Where was this 10 years ago when I was reverse engineering the Google robots.txt parser by feeding example robots.txt files and URLs into the Google webmaster tool? I actually went so far as to build a convoluted honeypot website and robots.txt to see what the Google crawler would do in the wild.
Having written the robots.txt parser at Blekko, I can tell you what standards there are incomplete and inconsistent.
Robots.txt files are usually written by hand using random text editors ("/n" vs "/r/n" vs a mix of both!) by people who have no idea what a programming language grammar is. Let alone follow BNF from the RFC. There are situations where adding a newline completely negates all your rules. Specifically, newlines between useragent lines nor between useragent lines and rules.
My first inclination was to build an RFC compliant parser and point to the standard if anyone complained. However, if you start looking at a cross section of robots.txt files, you see that very few are well formed.
With the addition of sitemaps, crawl-delay, and other non-standard syntax adopted by Google, Bing, and Yahoo (RIP). Clearly the RFC is just a starting point and what ends up on website can be broken and hard to interpret the author's meaning. For example, the Google parser allows for five possible spellings of DISALLOW, including DISALLAW.
If you read a few webmaster boards, you see that many website owners don't want a lesson in Backus–Naur form and are quick to get the torches and pitchforks if they feel some crawler is wasting their precious CPU cycles or cluttering up their log files. Having a robots.txt parser that "does what the webmaster intends" is critical. Sometimes, I couldn't figure out what some particular webmaster intended, let alone write a program that could. The only solution was to draft off of Google's de facto standard.
(To the webmaster with the broken robots.txt and links on every product page with a CGI arg with "&action=DELETE" in it, we're so sorry! but... why???)
Accidentally deleting someone's entire website because they don't understand the difference between GET and POST requests is virtually a right of passage when writing a web crawler.
It's an easy fix if Google cared. Have an online tool that validates if the robots.txt is correct, and send out an announcement that files that don't meet spec will be penalized in terms of SEO.
I've been in disagreements with SEO people quite frequently about a "Noindex" directive for robots.txt.
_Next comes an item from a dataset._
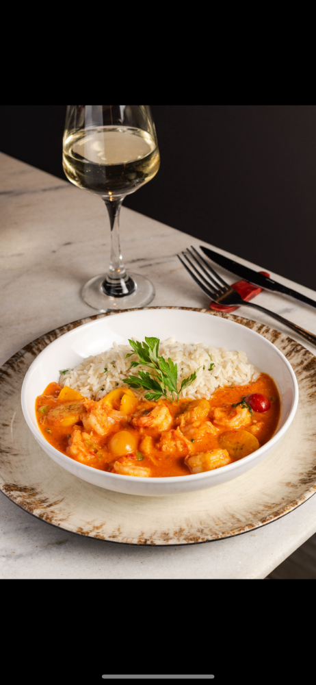 Camarões, leite de coco, tomate, pimentão, cebola, coentro e um toque de azeite de dendê. Acompanha arroz branco e é uma verdadeira delícia

There seem to be a bunch of articles that are sent to me every time I question its existence[0][1]. Google's own documentation says that noindex should be in the meta HTML but the SEO people seem to trust these shady sites more.
I haven't read through all of the code but it assuming this is actually what's running on Google's scrapers this section [2] seems to be pretty conclusive evidence to me that this Noindex thing is bullshit.
Google has been very clear lately (via John Mueller) regarding getting pages indexed or removed from the index.
If you want to make sure a URL is not in their index then you have to 'allow' them to crawl the page in robots.txt and use a noindex meta tag on the page to stop indexing. Simply disallowing the page from being crawled in robots.txt will not keep it out of the index.
In fact, I've seen plenty of pages still rank well despite the page being disallowed in robots.txt. A great example of this is the keyword "backpack" in Google. You'll see the site doesn't want it indexed (it's disallowed in robots.txt) but the site still ranks well for a popular keyword).
> but the SEO people seem to trust these shady sites more.
It makes more sense when you realize that the SEO people (with a few exceptions) are usually pretty shady as well. You rarely hear them recommending that you write better content to get better results, it's always nonsense like "put nofollow on everything so your score doesn't leak".
The interesting thing about robots.txt is that there really isn't a standard for it. This [0] is the closest thing to one and almost every modern website deviates from it.
For instance it explicitly says "To exclude all files except one: This is currently a bit awkward, as there is no "Allow" field."
And the behavior is so different between different parsers and website implementations that, for instance, the default parser in Python can't even successfully parse twitter.com's robots.txt file because of the newlines.
Most search engines obey it as a matter of principle but not all crawlers or archivers [1] do.
It's a good example of missing standards in the wild.
> The interesting thing about robots.txt is that there really isn't a standard for it. This [0] is the closest thing to one and almost every modern website deviates from it.
When I read "This library has been around for 20 years and it contains pieces of code that were written in the 90's" my first thought was "that commit history must be FASCINATING".
From Google's perspective it's probably too much work. I would assume this was a part of the cralwer code and extracted over time into a library, while part of the monorepo, so changesets probably didn't only touch this code, but also other parts and this code probably depended on internal libraries (now it depends on Google's public abseil library) publishing all that needs lots of review (also considering names and other personal information in commit logs, TODO comments and their like)
// A user-agent line is expected to contain only [a-zA-Z_-] characters and must
// not be empty. See REP I-D section "The user-agent line".
// https://tools.ietf.org/html/draft-rep-wg-topic#section-2.2.1
So you may need to adjust your bot’s UA for proper matching.
(Disclosure, I work at Google, though not on anything related to this.)
The strictness is in what may be listed in the robots txt, not the User-Agent header as sent by bots. the example given in the linked draft standard[0] makes this abundantly clear that it's on the bot to understand how to interpret the corresponding lines of robots.txt.
Of course, in practice robots.txt tend to look less like [1] and more like [2].
I wonder how much noindex contributes to lax security practices like storing sensitive user data on public pages and relying on not linking to the page to keep it private. I wonder how much is in the gap between "should be indexed" and "really ought to restrict access to authorized users only".
> how should they deal with robots.txt files that are hundreds of megabytes large?
What do huge robots.txt files like that contain? I tried a couple domains just now and the longest one I could find was GitHub's - https://github.com/robots.txt - which is only about 30 kilobytes.
They enumerate every page on the site sometimes specifically for different crawlers.
Or they have a ton of auto generated pages they don’t want crawled and call them out individually because they don’t realize robots.txt supports globing.
I doubt there's any vulns in the code seeing as its job for th last 20 years has been to parse input from the wild west that is the internet, and survive.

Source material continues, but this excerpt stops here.